Quick question regarding wings on a WSM. I've been using a Masterbuilt electric for a few years now and just got a new WSM for my birthday. Looking to smoke wings for the first time on it. I'd like to cook them in the 325-350 range so that I don't have to throw them on the grill. Being that I've never smoked anything at such a high temp, are most people smoking wings to certain amount of time or to an IT of 165?

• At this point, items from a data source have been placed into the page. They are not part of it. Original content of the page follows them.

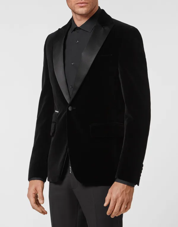 Ga je voor een glamourlook? Dan raden we je deze katoenen fluwelen avondblazer met één knoop aan, met de iconische pailletten Skull&Bones geborduurd op de rug. Ontdek onze zorg voor details, zoals de satijnen details. Klepzakken. Dubbele opening. Satijnen voering met logo.
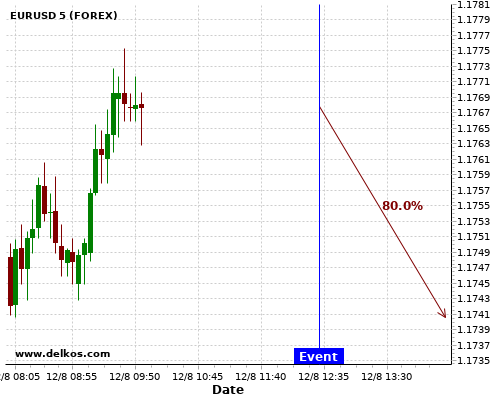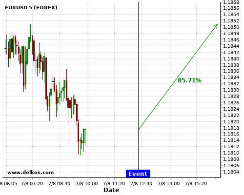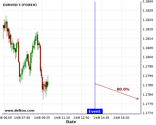DELKOS 80% probability that EURUSD will trend up on Friday 14 Aug at 12:30 PM GMT if the US Retail Sales MoM number is less than 1.9%.
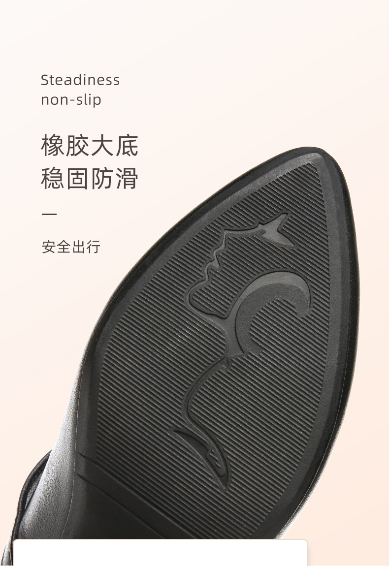 | 跟底款式: 粗跟 | 鞋底材质: 橡胶 |
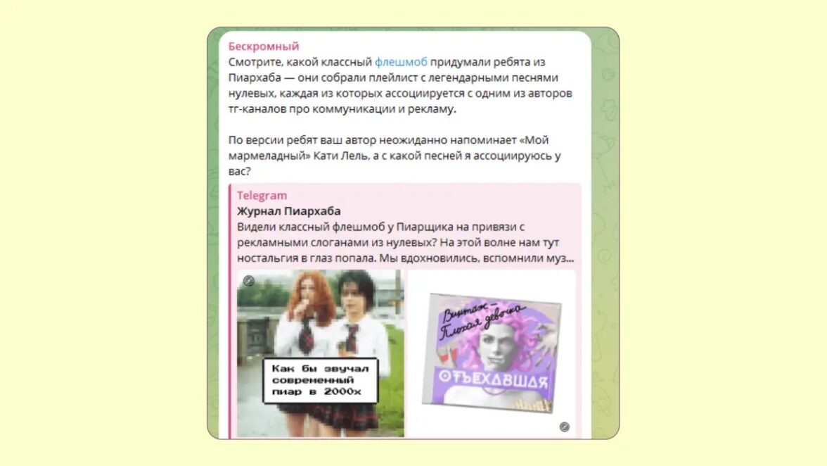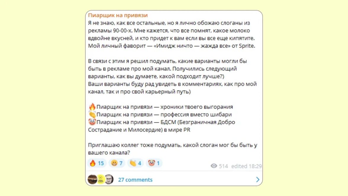 Телеграм-каналом Журнала тоже занимаемся мы. Пиар — узкая ниша, и чтобы о нашем канале узнали все существующие пиарщики, надо было придумать что-то такое, что перепостят другие крупные ребята из этой сферы.

Thanks in advance for the help


----------



## noboundaries (Jul 17, 2017)

I'm not a wing expert, but at 165F, the one's I've done were still a little tough.  I'd shoot for 175F, probably about an hour or so.  A wing expert will be along shortly I'm sure.


----------



## SmokinAl (Jul 17, 2017)

I would check them at about 45 minutes. I let them go until they pull apart at the joint.

Al


----------



## oldschoolbbq (Jul 17, 2017)

[
Martys , hello. We
Welcome to the coop. ! 
Yes , 325*to 350* is a great temp for wings,all poltury, to get a crispy skin .
Cook to 165*,in the little drummie, nl need to go to the grill.
Hope this helps ,more questions, just ask.
Have fun and . . .


----------



## browneyesvictim (Jul 17, 2017)

In my mini, I am learning I don't need to turn them like you would think or naturally feel a need to. But if you are using more than 1 rack, you should swap them at some point though. No water in you bowl. The skin should be very dry to the touch going on the grates and if you are saucing only do that at the very very last after they are crisp.

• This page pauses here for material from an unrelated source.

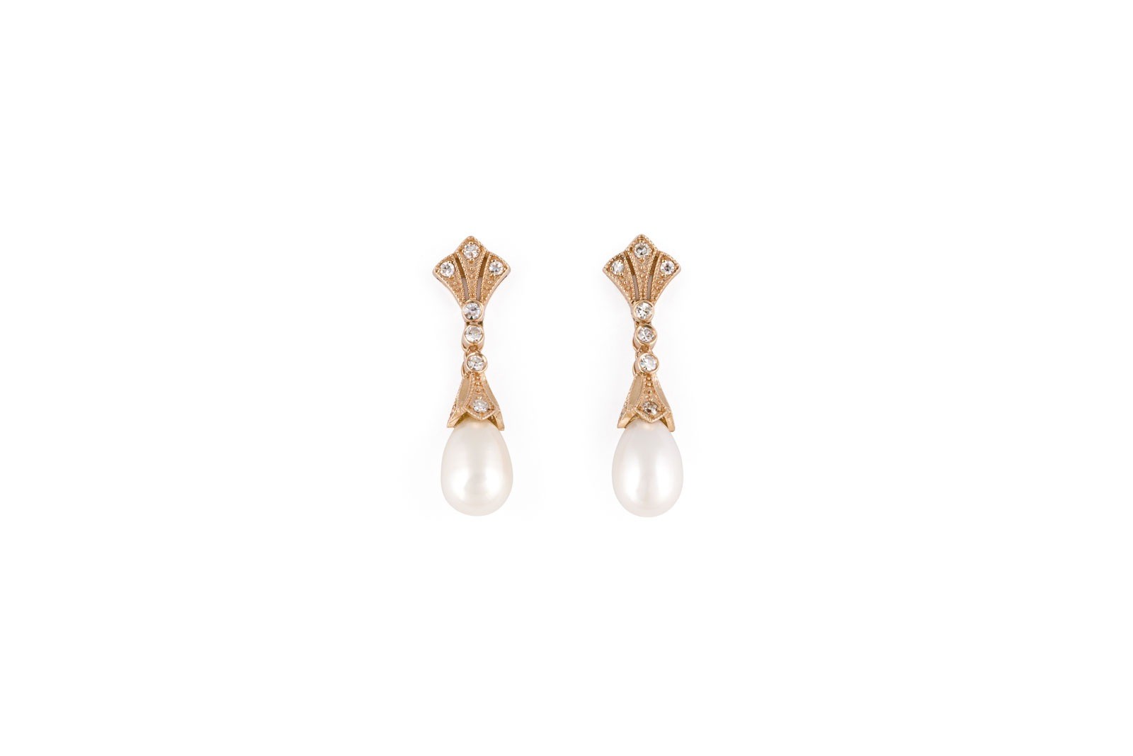 zus. ca. 0.50 ct. und jeweils einer Perle.

Dirtsailor had a suggestion a while back I thought was helpful in that is to remove the diffuser for more direct heat as well. (really only works if you are using the top grate only; bottom rack will burn.)


----------



## lancep (Jul 21, 2017)

I'll just go ahead and second all the great suggestions above. Personally, I think chicken on a WSM is dead simple. I would add a full chimney of lit coals over my unlit and crank the vents wide open with a dry pan. Perfect skin every time. Great, now y'all have gone and given me a craving for wings....

:grilling_smilie:


----------



## jheroth74 (Apr 12, 2018)

lancep said:


> I'll just go ahead and second all the great suggestions above. Personally, I think chicken on a WSM is dead simple. I would add a full chimney of lit coals over my unlit and crank the vents wide open with a dry pan. Perfect skin every time. Great, now y'all have gone and given me a craving for wings....
> 
> :grilling_smilie:


Awsome, you answered my question ! Crispy wings, dry water pan!


----------



## gmc2003 (Apr 13, 2018)

I don't do wings in my WSM very often if at all any more. I like the kettle and vortex for wings, but when I did do them I would pull the water pan out completely and start with a full chimney of coals spread over the ring. Vents fully open. This is on a WSM 22". It may be different on a 18 or 14. 

Chris


----------